Evaluate the integral (inverse trig functions)

Homework Statement

[23/4, 2] 4/(x√(x4-4))

Homework Equations

∫ du/(u√(u2 - a2)) = 1/a(sec-1(u/a) + c

The Attempt at a Solution

I first multiplied the whole thing by x/x. This made the problem:
4x/(x2√(x4 - 4))

Then I did a u substitution making u = x2. Therefore, du = 2xdx. I multiplied by 2 to get 2du = 4xdx

The problem then becomes 2∫du/(u√(u2 - 4))

Solving the integral I got 2[(1/2)sec-1(x2/2)] from [23/4, 2]

I plug in the bounds and get 2[(1/2)sec-1(2) - (1/2)sec-1(26/4/2)

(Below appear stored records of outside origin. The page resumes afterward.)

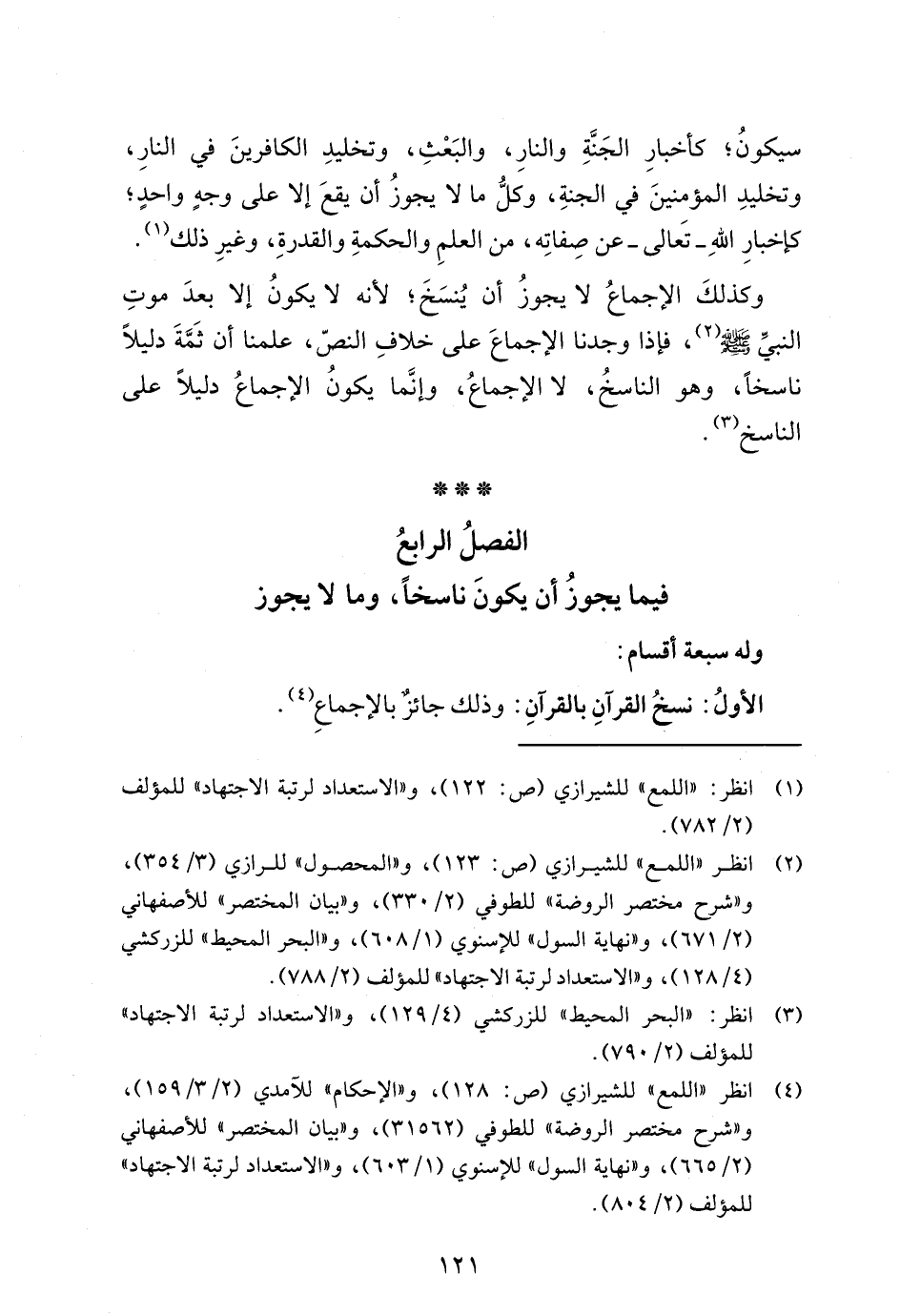 (¬4) انظر "اللمع" للشيرازي (ص: 128)، و "الإحكام" للآمدي (2/ 3/ 159)، و "شرح مختصر الروضة" للطوفي (31562)، و "بيان المختصر" للأصفهاني (2/ 665)، و "نهاية السول" للإسنوي (1/ 603)، و "الاستعداد لرتبة الاجتهاد" للمؤلف (2/ 804).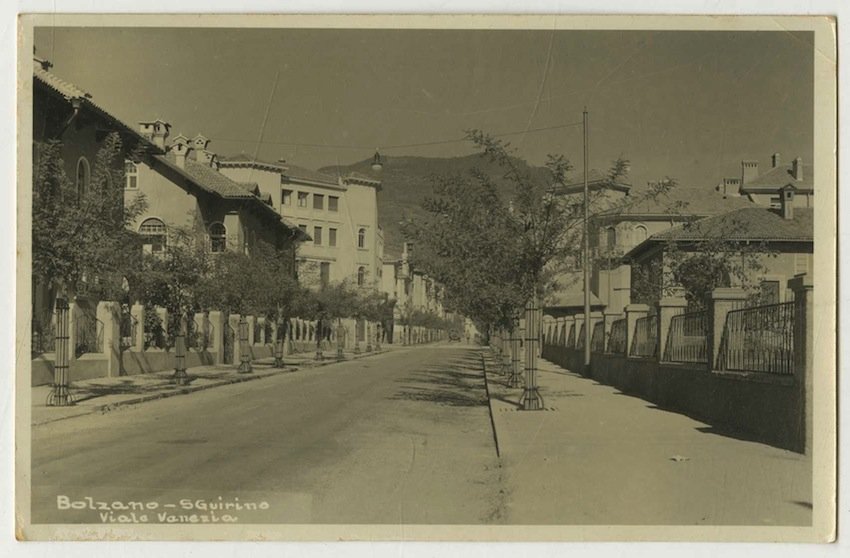 Cartolina postale fotografica alla gelatina di misure 140x91 mm con griglia al verso. Condizioni : USATO - Stato : Buono, ordinari segni d'uso e del tempo. Altre note : Fotografia raffigurante il Viale Venezia di Bolzano costeggiato da villette. Al verso timbro del fotografo.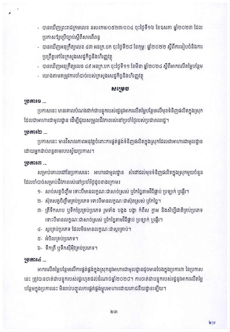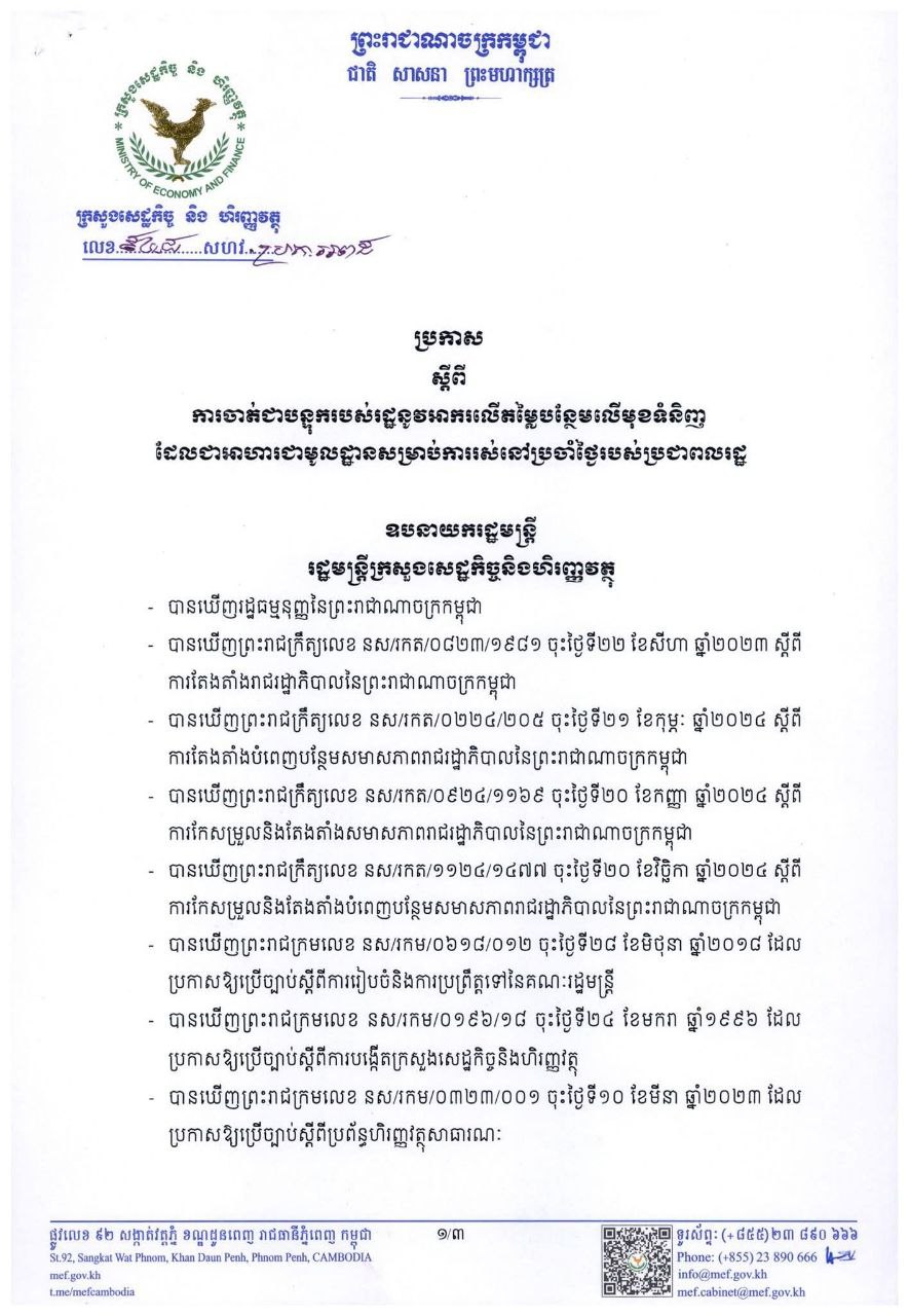 នៅថ្ងៃទី ០១ ខែធ្នូ ឆ្នាំ ២០២៥ នេះ ក្រសួងសេដ្ឋកិច្ច និង ហិរញ្ញវត្ថុ បានចេញសេចក្ដីប្រកាសមួយ ស្ដីពី ការចាត់ជាបន្ទុករបស់រដ្ឋនូវអាករលើតម្លៃបន្ថែមលើមុខទំនិញដែលជាអាហារជាមូលដ្ឋានសម្រាប់ជួយសម្រួលដល់ជីវភាពការរស់នៅប្រចាំថ្ងៃរបស់ប្រជាពលរដ្ឋ។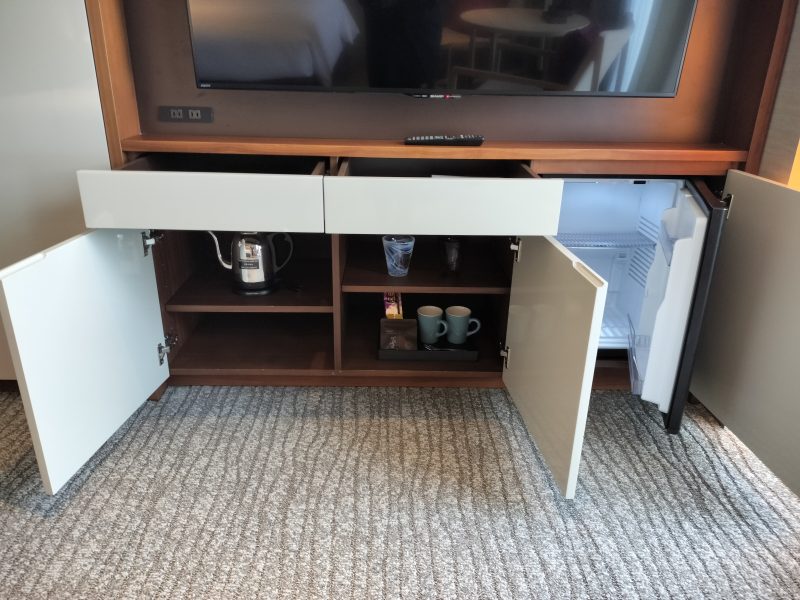 テレビの下には冷蔵庫やミニバー関連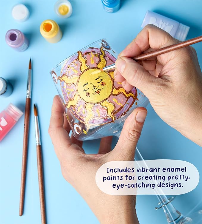 - Decorate your glasses using our 15 custom enamel paints, 8 high quality brushes and 4 easy to use paint pens. Whether you’re going bold with colour or keeping things minimal, this kit makes it easy to bring your ideas to life on glass.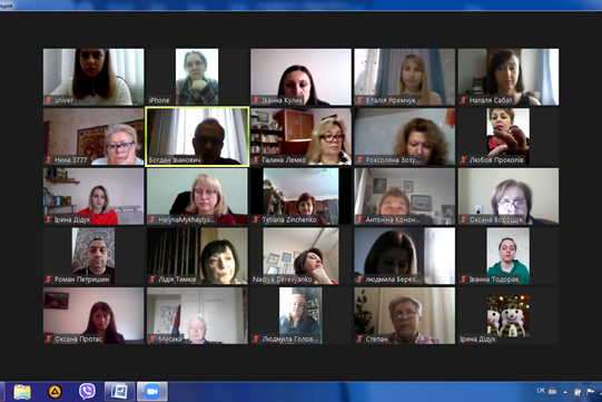 Захід проходив у режимі відеоконференції на платформі Zoom. У ньому взяли участь проректор з наукової роботи Прикарпатського національного університету імені Василя Стефаника, доктор філософських наук, професор Галина Михайлишин, завідувач кафедри соціальної педагогіки та соціальної роботи, кандидат педагогічних наук, професор Богдан Ковбас, професори й доценти кафедр Прикарпатського національного університету імені Василя Стефаника, Ніжинського державного університету імені Миколи Гоголя, Тернопільського національного технічного університету ім. І. Пулюя, студенти спеціальності “Соціальна робота”. Модерували онлайн зустріч Надія Сабат та Наталія Сабат.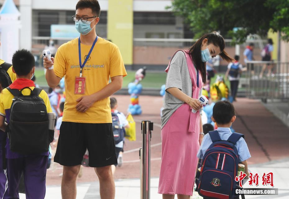 9月1日,重庆市渝北区回兴小学的学生们戴着口罩进入校园,值班老师在校门处依次为学生测量体温。当日,重庆小学正式开学。 中新社记者 陈超 摄
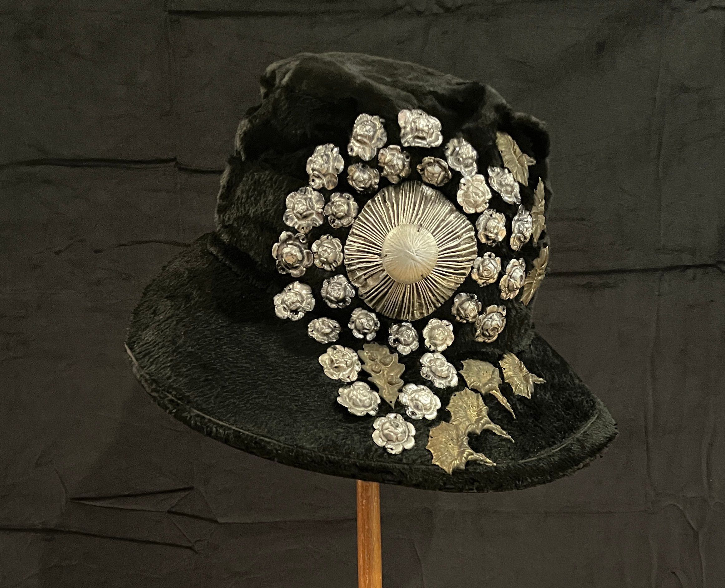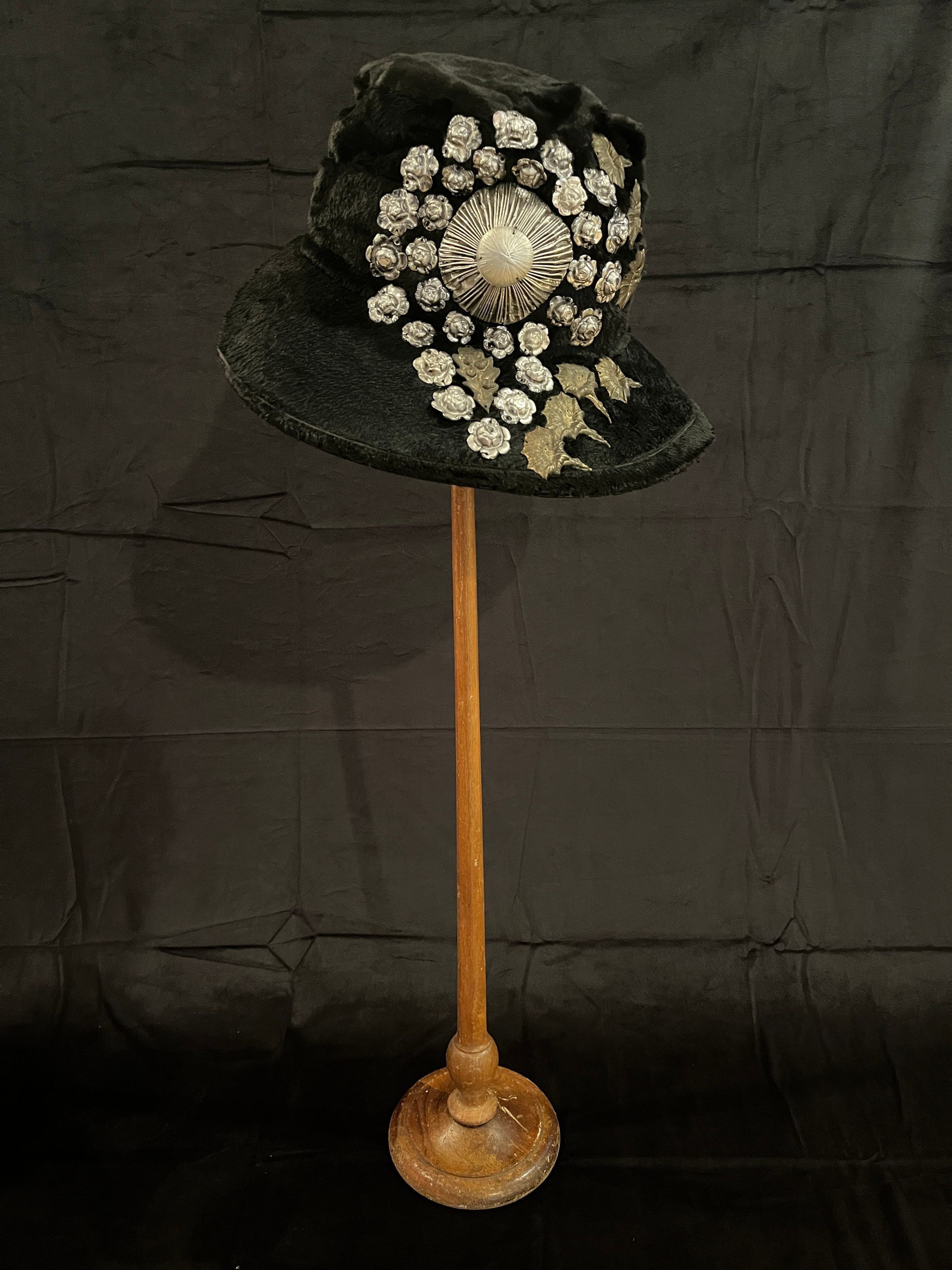 Woman's velvet hat, c 1927. In the 1920’s, hats continued to get lower on the brow and closer fitting on the head. The “cloche hat”, a bell-shaped piece that sometimes covered the wearer’s head almost entirely, became a staple of the period. Rather than tall feathers or blooms adorning the hats, design was seen through elaborate detailing in shape. The black velvet hat on display has art deco style metallic embellishments.Acquisition

This is where I'm lost. The second sec does not seem like a nice number and I'm assuming my professor would make the problem come out nicely as he always has. I'm pretty sure I made a mistake somewhere because of this but I don't know where.[/B]

jambaugh
Gold Member
Try simplifying the fractional exponent and rewriting inverse secant in terms of inverse cosine ( arcsec(x) = arccos(1/x)).

ThatOneGuy
Try simplifying the fractional exponent and rewriting inverse secant in terms of inverse cosine ( arcsec(x) = arccos(1/x)).

Thank you so much! I should have noticed the reducing.

Finishing the problem:

sec-1(2) - sec-1(21/2)

sec-1(2) - sec-1(√(2))

This equals:
arccos(1/2) - arccos(1/√(2))
arccos(1/2) - arccos(√(2)/2)
pi/3 - pi/4 = pi/12